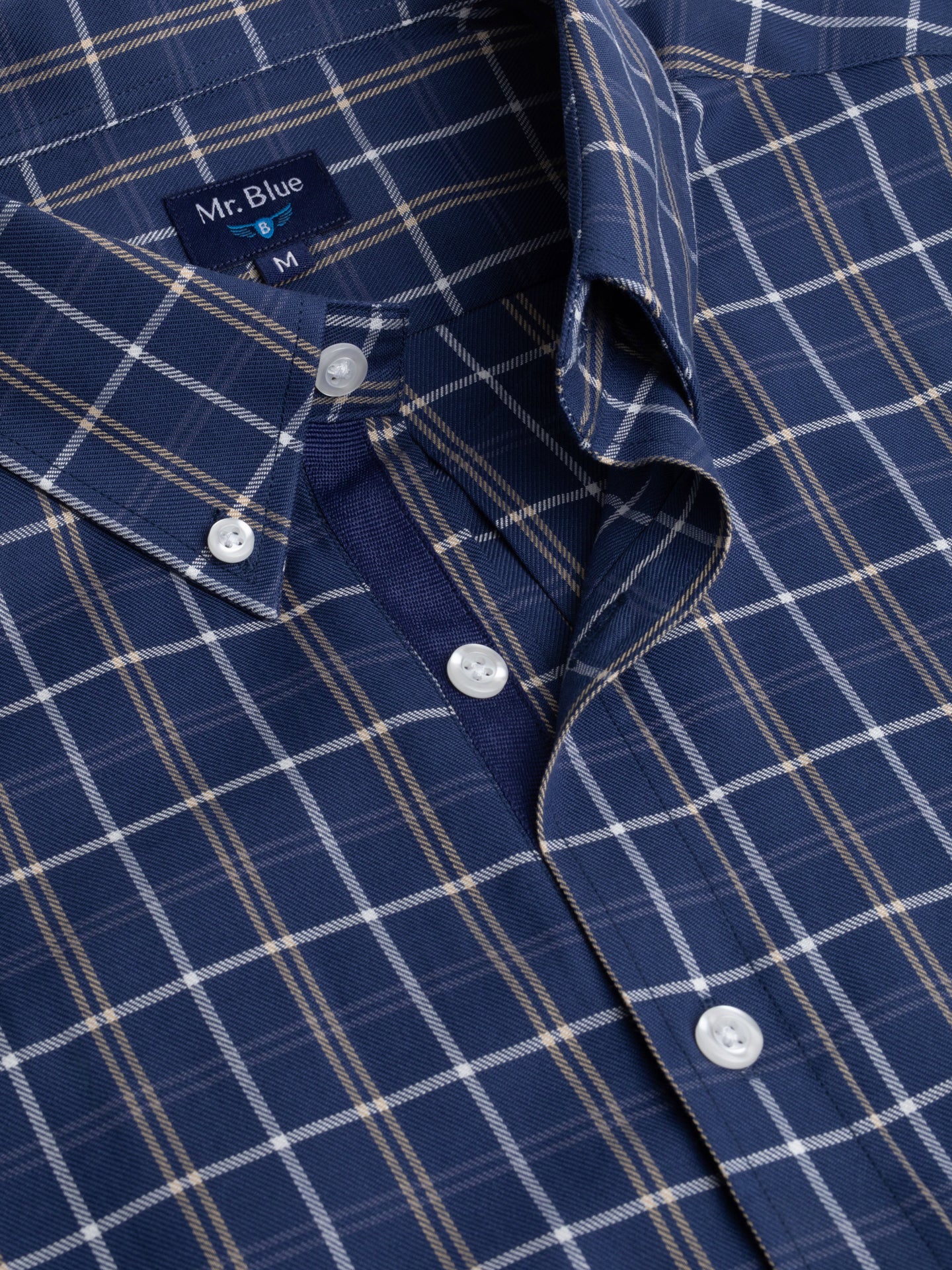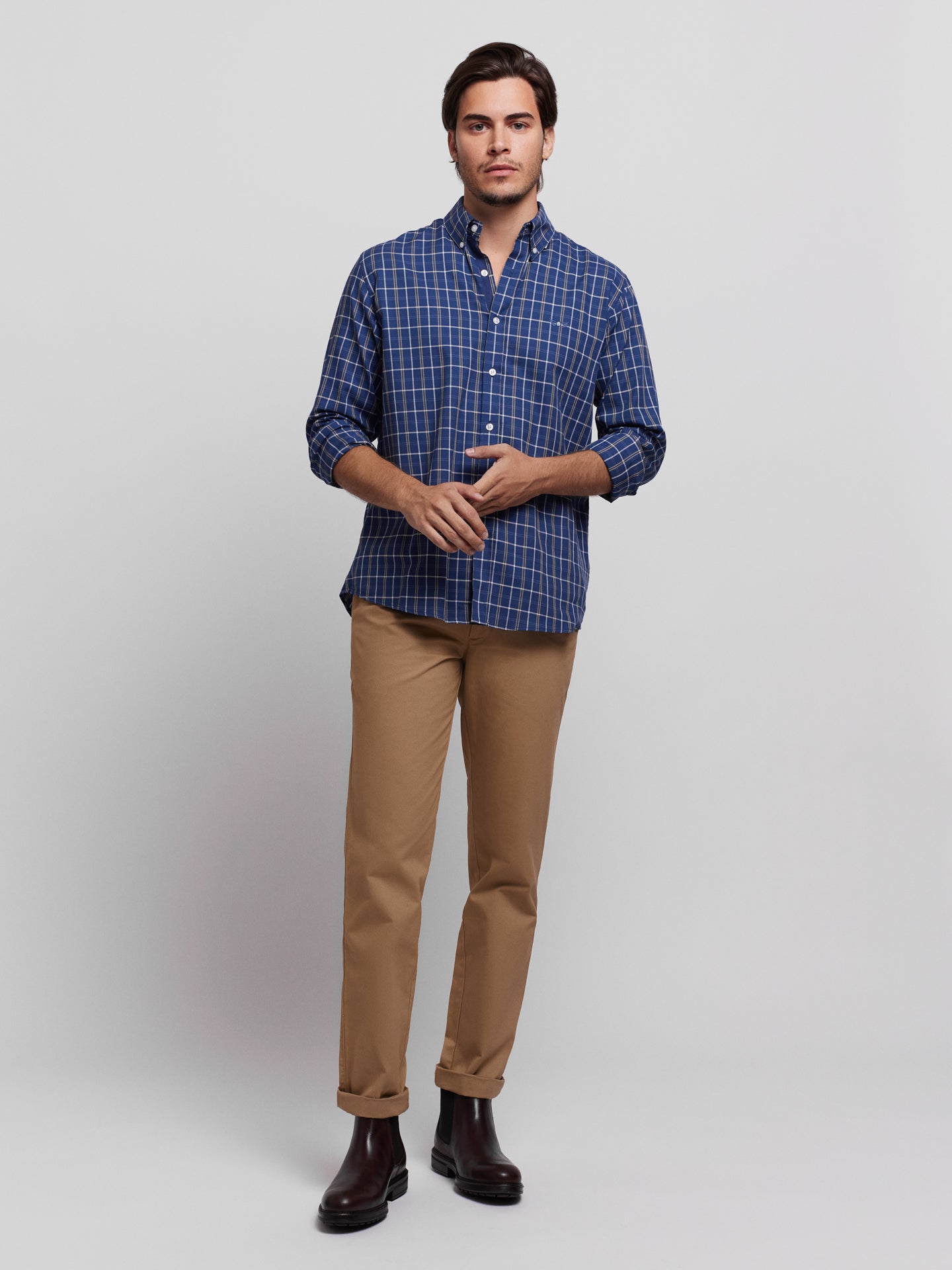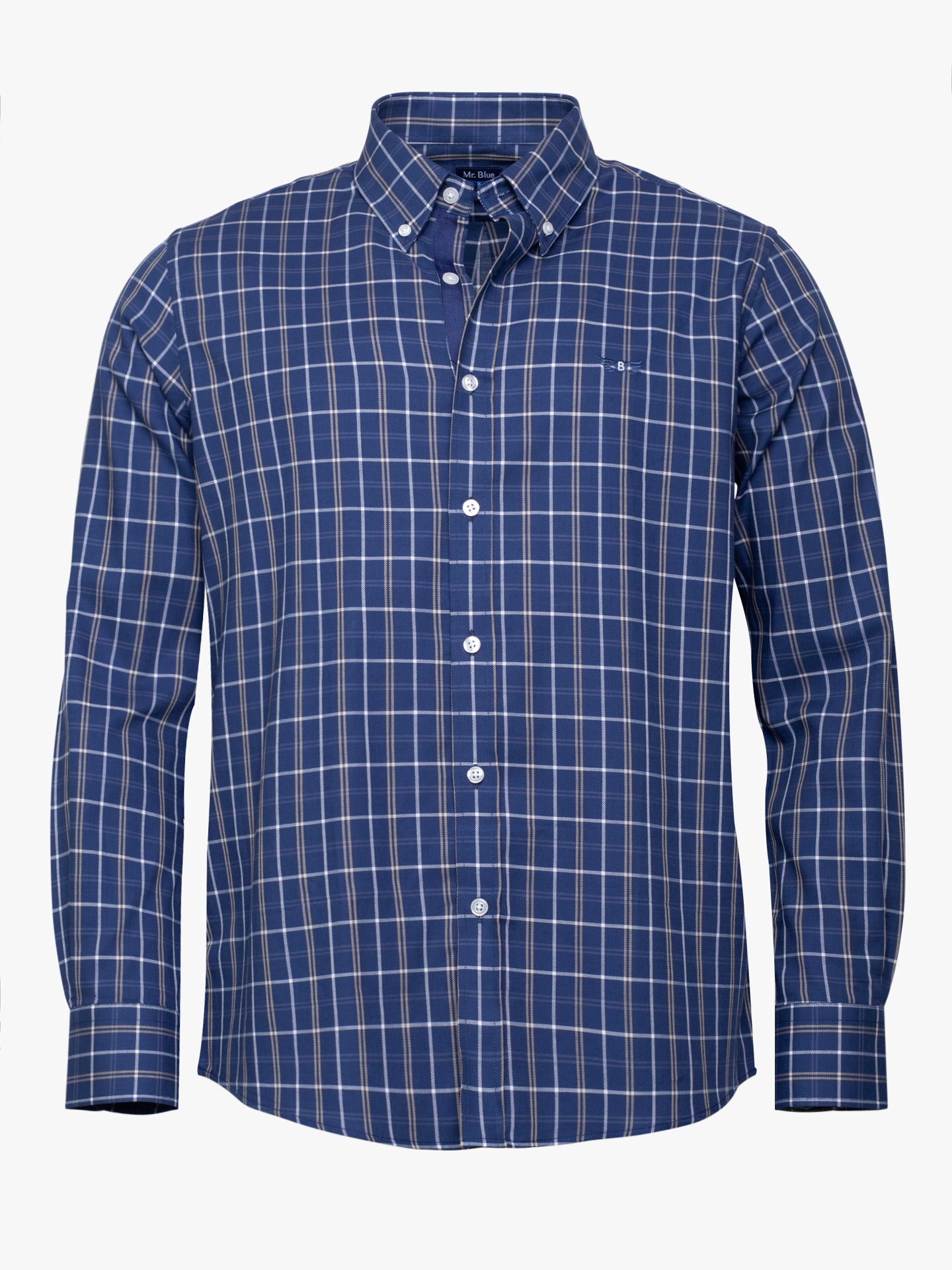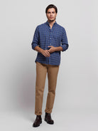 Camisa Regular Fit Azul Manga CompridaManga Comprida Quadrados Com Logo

==*==

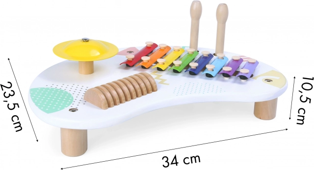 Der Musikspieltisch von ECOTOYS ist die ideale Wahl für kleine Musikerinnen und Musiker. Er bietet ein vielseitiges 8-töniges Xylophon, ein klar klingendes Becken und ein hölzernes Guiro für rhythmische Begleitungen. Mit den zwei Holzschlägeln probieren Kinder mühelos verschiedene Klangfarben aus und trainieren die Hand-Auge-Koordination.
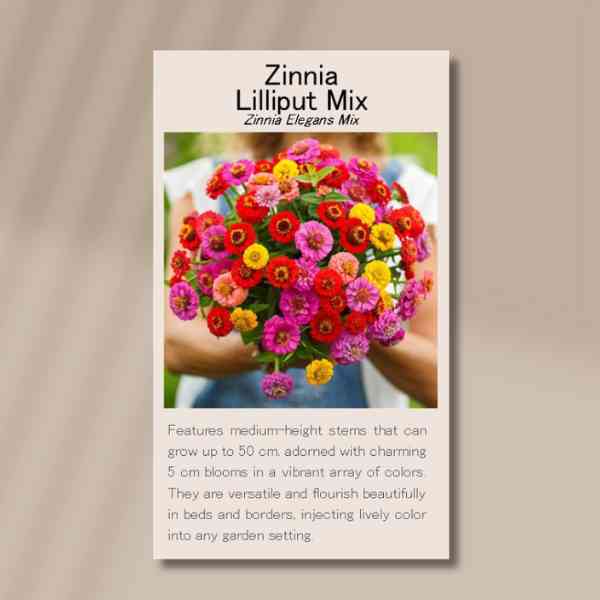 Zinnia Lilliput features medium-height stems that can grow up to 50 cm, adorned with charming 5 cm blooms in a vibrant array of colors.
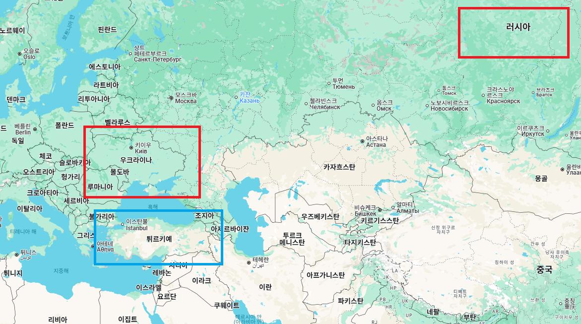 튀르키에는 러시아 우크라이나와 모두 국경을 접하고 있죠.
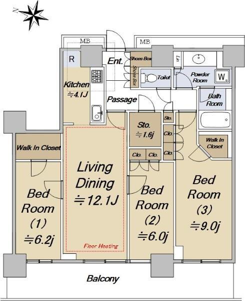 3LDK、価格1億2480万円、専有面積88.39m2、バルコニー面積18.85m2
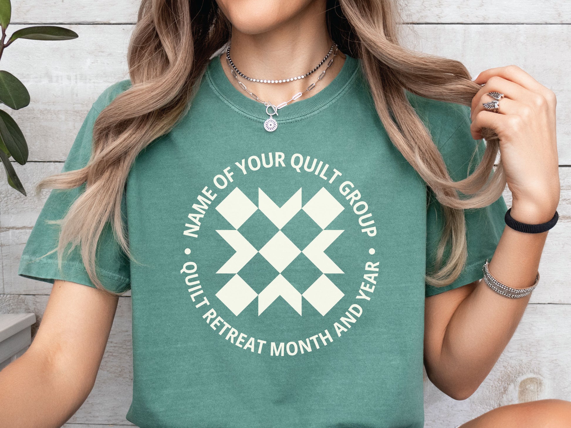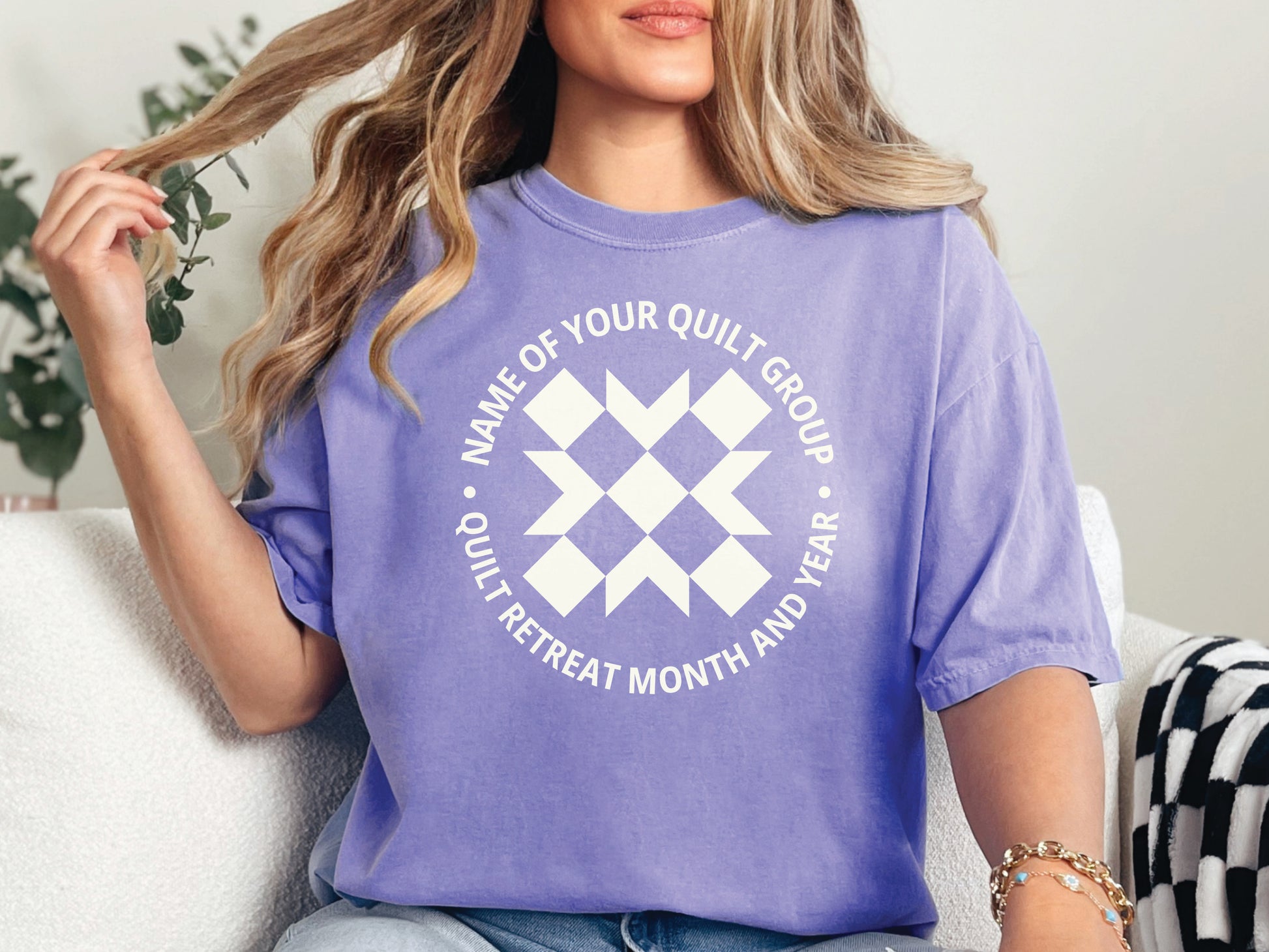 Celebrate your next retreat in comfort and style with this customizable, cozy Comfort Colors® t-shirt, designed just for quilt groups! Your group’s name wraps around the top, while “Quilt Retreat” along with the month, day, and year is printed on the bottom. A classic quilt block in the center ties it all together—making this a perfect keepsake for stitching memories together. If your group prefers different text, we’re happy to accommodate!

==*==

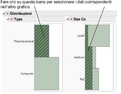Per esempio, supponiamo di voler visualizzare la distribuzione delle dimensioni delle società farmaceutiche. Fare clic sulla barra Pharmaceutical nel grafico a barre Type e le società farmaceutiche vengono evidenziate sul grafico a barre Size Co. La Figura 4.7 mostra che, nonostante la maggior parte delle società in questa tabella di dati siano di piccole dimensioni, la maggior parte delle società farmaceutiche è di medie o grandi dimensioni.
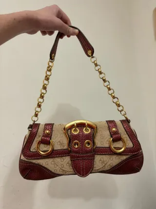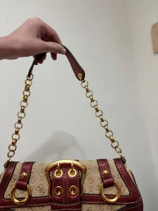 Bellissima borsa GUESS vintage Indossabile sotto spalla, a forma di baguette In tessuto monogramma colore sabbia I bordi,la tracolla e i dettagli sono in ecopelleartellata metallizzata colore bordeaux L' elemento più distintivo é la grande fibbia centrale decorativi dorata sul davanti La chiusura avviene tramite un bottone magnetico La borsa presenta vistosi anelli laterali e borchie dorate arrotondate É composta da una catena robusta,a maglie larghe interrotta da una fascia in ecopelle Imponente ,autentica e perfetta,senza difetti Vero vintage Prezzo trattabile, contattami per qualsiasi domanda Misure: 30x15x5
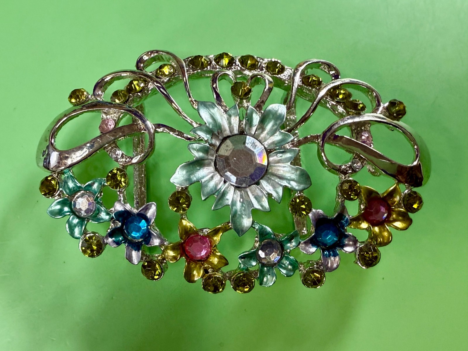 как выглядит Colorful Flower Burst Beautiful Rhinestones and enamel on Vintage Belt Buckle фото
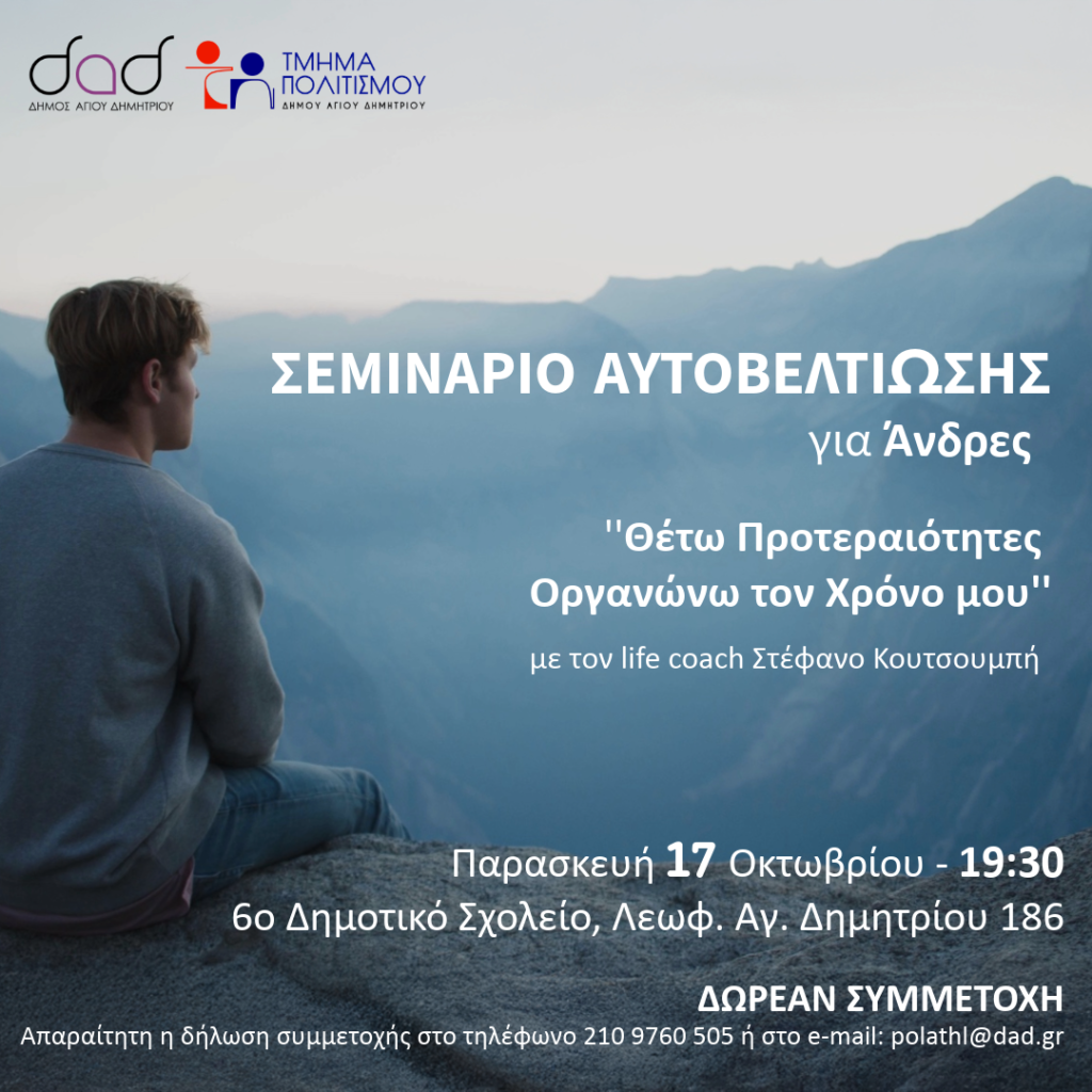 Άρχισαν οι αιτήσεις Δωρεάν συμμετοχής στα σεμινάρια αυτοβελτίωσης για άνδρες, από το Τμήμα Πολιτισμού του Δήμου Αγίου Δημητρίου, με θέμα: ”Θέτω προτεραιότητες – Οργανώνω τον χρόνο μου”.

==*==

# What the task requires
Copy exactly the part of the material above that opens with the line containing "튀르키에는 러시아 우크라이나와 모두 국경을 접하고 있죠." and closes with the line containing "Celebrate your next", ends included. Drop the images.

# Solution for this task
 튀르키에는 러시아 우크라이나와 모두 국경을 접하고 있죠.
 3LDK、価格1億2480万円、専有面積88.39m2、バルコニー面積18.85m2
 Celebrate your next retreat in comfort and style with this customizable, cozy Comfort Colors® t-shirt, designed just for quilt groups! Your group’s name wraps around the top, while “Quilt Retreat” along with the month, day, and year is printed on the bottom. A classic quilt block in the center ties it all together—making this a perfect keepsake for stitching memories together. If your group prefers different text, we’re happy to accommodate!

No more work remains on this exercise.